From ANIMAL PEOPLE, May 2005:

The Rosebud Sioux Tribe has reached an out-of-court
settlement with the U.S. Department of Interior that will limit the
Sun Prairie hog farming development on the reservation to just the
two 24-barn farms that are already operating, instead of the 13 that
the Bureau of Indian Affairs authorized on behalf of the Rosebud
Sioux Tribal Council in 1998, reported David Melmer of Indian
Country Today on May 9, 2005. In addition, the existing barns may
operate for only 20 years under the current lease, not 50 years,
Melmer wrote.
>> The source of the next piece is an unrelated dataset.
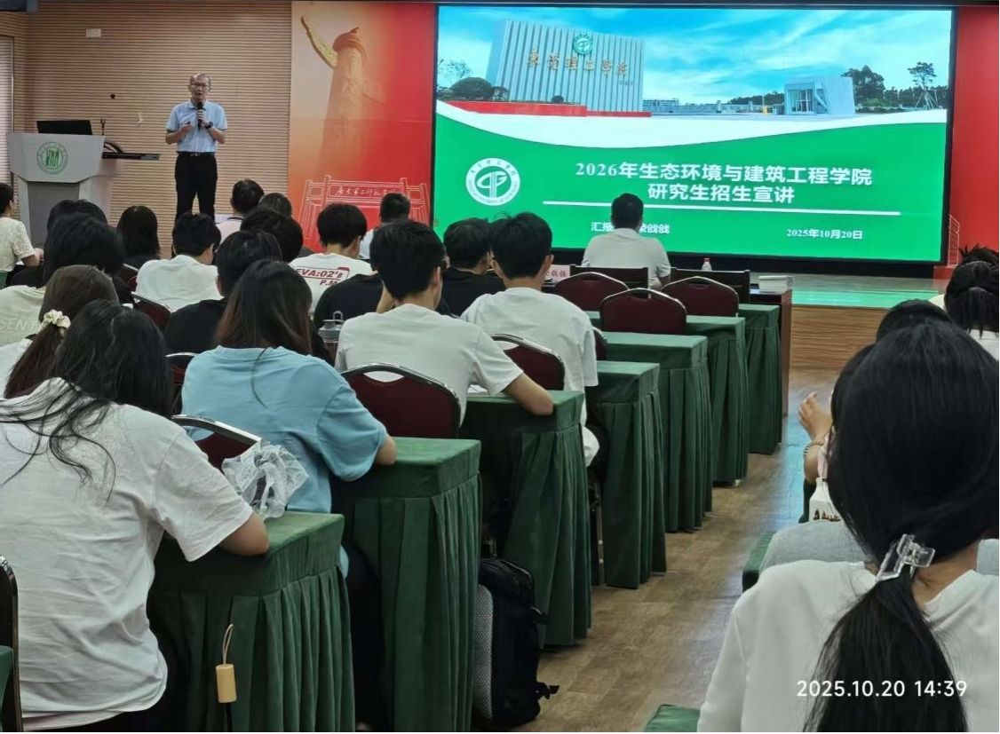 随后,荣戗戗副院长在生物与食品工程学院报告厅为师生作了题为“2026年生态环境与建筑工程学院研究生招生宣讲”的专题报告。宣讲重点介绍了学院环境工程、土木工程、土木水利等学位点的培养特色与招生政策,并鼓励学生积极报考。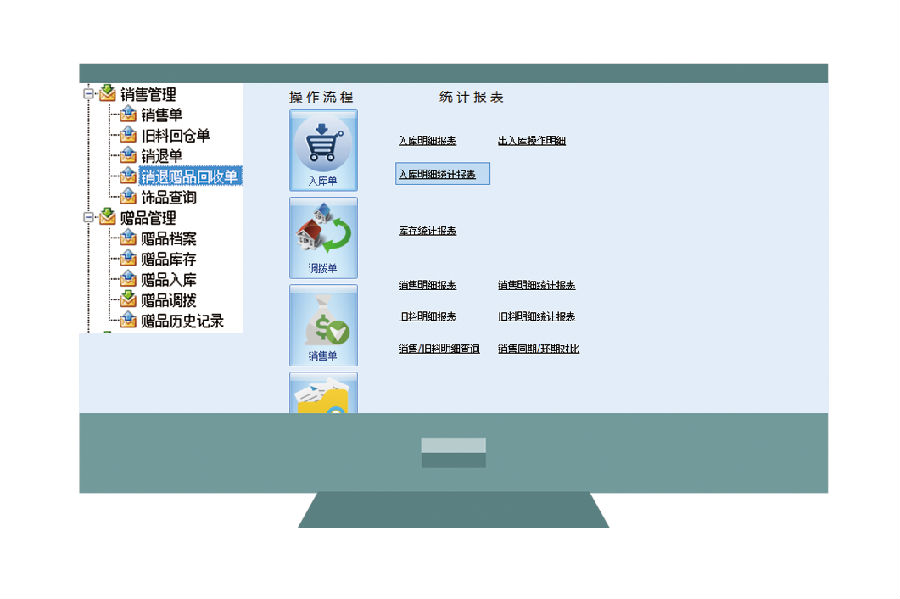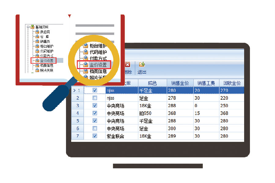 銷售業(yè)務:支持按件、按克兩大銷售計價方式。包括銷售明細、收款方式、銷退明細、舊料回收、贈品管理、優(yōu)惠細則、積分計算、短信發(fā)送等具體功能。

Approval of the settlement by U.S. District Judge
Richard Battey is anticipated. “The two existing farms have 24 barns
that produce 2,000 hogs each per year and will continue to produce a
combined 96,000 hogs per year,” summarized Melmer. “Since the hog
farm lease agreement was announced, Concerned Rosebud Area Citizens,
the Humane Farming Association, and the South Dakota Peace & Justice
Center have tried to shut the project down. In 1999 a new tribal
council began trying to stop the growth of the hog farm, and in 2003
the BIA was asked to close it. The Department of Interior withdrew
the lease; Sun Prairie fought the tribe and the federal government
to keep the hog farms open. Nearly two years ago, Battey ruled that
the lease termination did not comply with due process and found the
lease to be valid.”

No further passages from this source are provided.